Credit repair during mortgage approval
You failed to qualify for a mortgage, and now you are back to the drawing board. Credit repair organizations know where to push to have ‘bad credit’ items deleted. Those are always annoying. Even as you seek professional help, always remember that everything a credit repair company will do you too can do the same. The only difference is that you may not have adequate time to do the research needed. Besides, mortgage approvals depend on rules and regulations set by the industry. For instance, you cannot raise your score dispute as the disputed item will automatically trigger the formula used in arriving at your score. Systems deployed by credit bureaus treat the flagged items as if they do not exist.

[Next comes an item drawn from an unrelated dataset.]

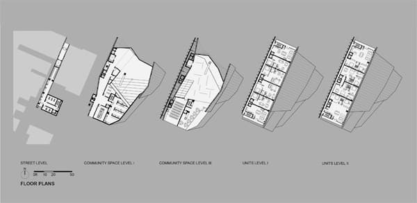 Otros aspectos importantes del proyecto fueron la singularidad que presenta a media altura, creando un vestíbulo comunal. También las características de su fachada para mantener unas buenas condiciones frente a la radiación solar y ventilación. Aquí una doble piel hacia el sur sirve para proteger del sol, mientras que en la del norte se organizan determinados huecos para favorecer la ventilación cruzada.
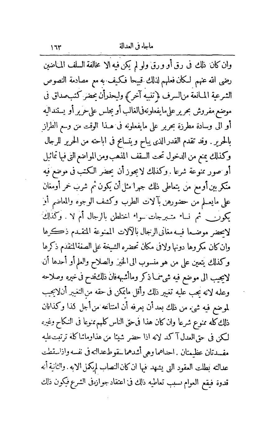 وَكَذَلِكَ لَا يَحْضُرُ مَوْضِعًا فِيهِ مَغَانِي الرِّجَالِ بِالْآلَاتِ الْمَمْنُوعَةِ الْمُتَقَدِّمِ ذِكْرُهَا، وَإِنْ كَانَ مَكْرُوهًا دُونَهَا، وَلَا فِي مَكَان تَحْضُرُهُ الشَّيْخَةُ عَلَى الصِّفَةِ الْمُتَقَدِّمِ ذِكْرُهَا، وَكَذَلِكَ يَتَعَيَّنُ عَلَى مَنْ هُوَ مَنْسُوبٌ إلَى الْخَيْرِ، وَالصَّلَاحِ، وَالْعِلْمِ، أَوْ أَحَدِهَا أَنْ لَا يُجِيبَ إلَى مَوْضِعٍ فِيهِ شَيْءٌ مِمَّا ذُكِرَ، وَمَا أَشْبَهَهُ فَإِنَّ ذَلِكَ قَدْحٌ فِي خَيْرِهِ، وَصَلَاحِهِ، وَعِلْمِهِ؛ لِأَنَّهُ يَجِبُ عَلَيْهِ تَغْيِيرُ ذَلِكَ، وَأَقَلُّ مَا يُمْكِنُ فِي حَقِّهِ مِنْ التَّغْيِيرِ أَنْ لَا يُجِيبَ لِمَوْضِعٍ فِيهِ شَيْءٌ مِنْ ذَلِكَ بَعْدَ أَنْ يُعَرِّفَهُ أَنَّ امْتِنَاعَهُ مِنْ أَجْلِ كَذَا وَكَذَا، فَإِنَّ ذَلِكَ كُلَّهُ مَمْنُوعٌ شَرْعًا، وَإِنْ كَانَ هَذَا فِي حَقِّ النَّاسِ كُلِّهِمْ مَمْنُوعًا فِي النِّكَاحِ وَغَيْرِهِ، لَكِنْ فِي حَقِّ الْعَدْلِ آكَدُ؛ لِأَنَّهُ إذَا حَضَرَ شَيْئًا مِنْ هَذَا، وَمَا شَاكَلَهُ تَرَتَّبَتْ عَلَيْهِ مَفْسَدَتَانِ عَظِيمَتَانِ:

Deletions that do not reflect on public records
Deleting charge-offs and unpaid collection accounts can be of great benefit when applying for a mortgage. However, the deleted items will do not show on the public records, meaning that no one will know. Unlike other forms of credit, lenders for real estate acquisition do not merely focus on your credit score. They dig deeper into your credit history.
Outstanding collection accounts cannot hinder you from qualifying for a loan. However, if the credit repair service insists on having the collection account struck off your records, it must be done by the three leading agencies. Also, if you have any outstanding medical collections, you need not worry since the industry exempts such from scrutiny.
Items that go to the public records include:
- Tax Liens
- Child support
Lenders will always search for public records and will discover if you have had any of these. If your credit repair consultant had fought to have them removed from your credit report, the bank will still know that you had them.
In your mortgage application, you will find an array of questions. The financier is interested in finding out whether you filed for bankruptcy. They also want to know about judgments and if you were involved in a lawsuit. Be truthful in your responses because either way, the mortgage company will contract third parties to search the national public records. Any deletions made through the credit repair activity will show up. To avoid running around in circles, look for a credit repair service provider who understands how to prepare consumers with credit issues for mortgages.
The use of credit is as old as human civilization itself. There is proof that Hammurabi, an ancient ruler of Babylon issued rules on the handling of debt and charging interest to defaulters. Negative information can ruin your chances of securing credit. Nothing can be more frustrating to a consumer than being turned away during a mortgage application process. When you reflect on the time, money, and other resources you have utilized, being told that you are not suitable is not only shocking but stressful.
Nonetheless, you must do your research when securing a home loan. Check that you do qualify and if the lender declines your request, seek help and attempt to raise your credit scores. Some matters go into public records even without your knowledge. Also, if a credit bureau deletes them, lenders will still find out. However, you must never ignore credit repair services. Some experts run these agencies, and they are always willing to lend a helping hand.